**Task**
Only text belongs in your copy of the listing below; reproduce it exactly and leave out the pictures.

**Source material**
-------

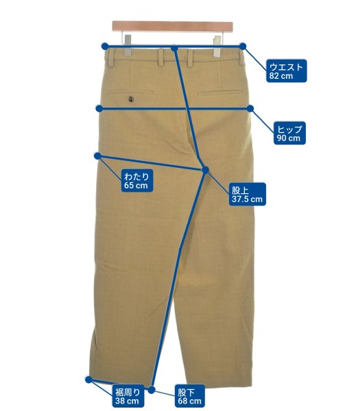 [Brand] URU [Type] Men's [Condition] Rank: Like new [Color] Beige [Size] 2 (Medium) [Actual size] Waist:82cm Hem circumference: 38cm Hip: 90cm Crossing:65cm Rise: 37.5cm Inseam:68cm Material: 86% wool, 11% nylon, 3% acrylic; (lining) 55% cupra, 45% cotton [Country of origin] Japan [Comment] Model: WOOL TWEED - 1 TUCK PANTS Model number: 22FWT02 [Other details] Season: Autumn-Winter Pockets: Yes Outside Pockets: 4 Translucency: None Fabric thickness: normal Lining: Yes Elasticity: None Gloss: None Opening and closing: zipper Opening and closing: None Pattern: Plain Length: Long length |
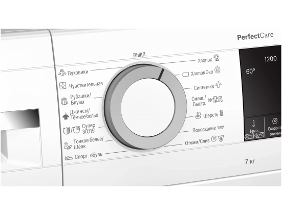 Максимальная загрузка белья - 7 кг
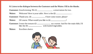 Restoranda Sipariş (At the Restaurant): İkinci bölümde, bir müşteri ile garson arasındaki gerçekçi bir diyaloğu dinlerler.
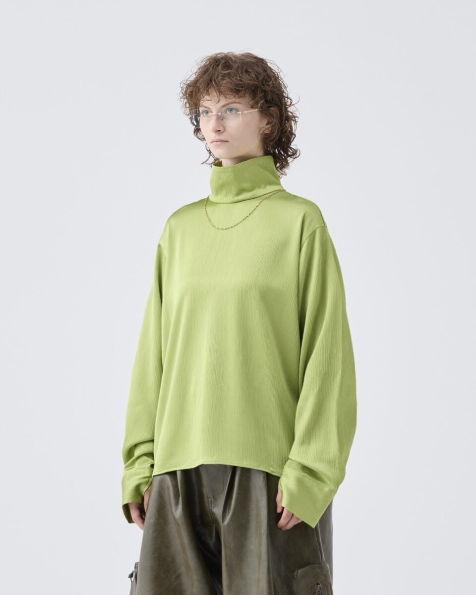 Striped crepe high neck top -

-------

**Task answer**
 [Brand] URU [Type] Men's [Condition] Rank: Like new [Color] Beige [Size] 2 (Medium) [Actual size] Waist:82cm Hem circumference: 38cm Hip: 90cm Crossing:65cm Rise: 37.5cm Inseam:68cm Material: 86% wool, 11% nylon, 3% acrylic; (lining) 55% cupra, 45% cotton [Country of origin] Japan [Comment] Model: WOOL TWEED - 1 TUCK PANTS Model number: 22FWT02 [Other details] Season: Autumn-Winter Pockets: Yes Outside Pockets: 4 Translucency: None Fabric thickness: normal Lining: Yes Elasticity: None Gloss: None Opening and closing: zipper Opening and closing: None Pattern: Plain Length: Long length |
 Максимальная загрузка белья - 7 кг
 Restoranda Sipariş (At the Restaurant): İkinci bölümde, bir müşteri ile garson arasındaki gerçekçi bir diyaloğu dinlerler.
 Striped crepe high neck top -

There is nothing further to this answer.